> **ACTIVITY**:
In the entries below, find the line with "XDynamics 在 NAB" and print exactly every line from there up to and including the line with "民国珠山八友汪野亭胭脂红山水风景大梅瓶", with no other lines.

> **SUPPLIED DATA**:
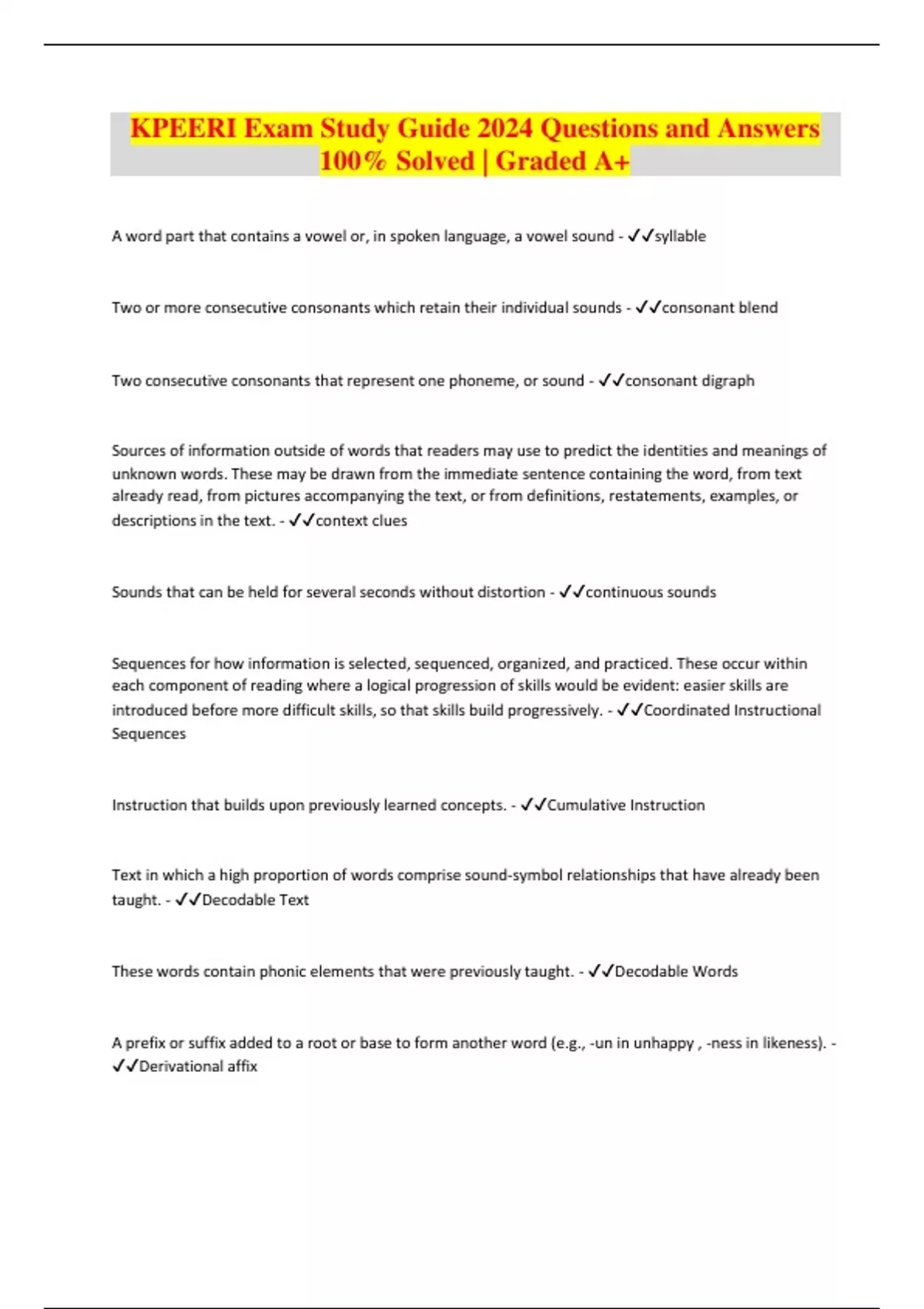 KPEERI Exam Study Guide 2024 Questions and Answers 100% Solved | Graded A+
==
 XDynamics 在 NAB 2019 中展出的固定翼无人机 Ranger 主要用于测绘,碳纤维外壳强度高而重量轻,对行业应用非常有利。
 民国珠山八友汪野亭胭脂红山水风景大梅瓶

> **ANSWER FOR THIS EXERCISE**:
 XDynamics 在 NAB 2019 中展出的固定翼无人机 Ranger 主要用于测绘,碳纤维外壳强度高而重量轻,对行业应用非常有利。
 民国珠山八友汪野亭胭脂红山水风景大梅瓶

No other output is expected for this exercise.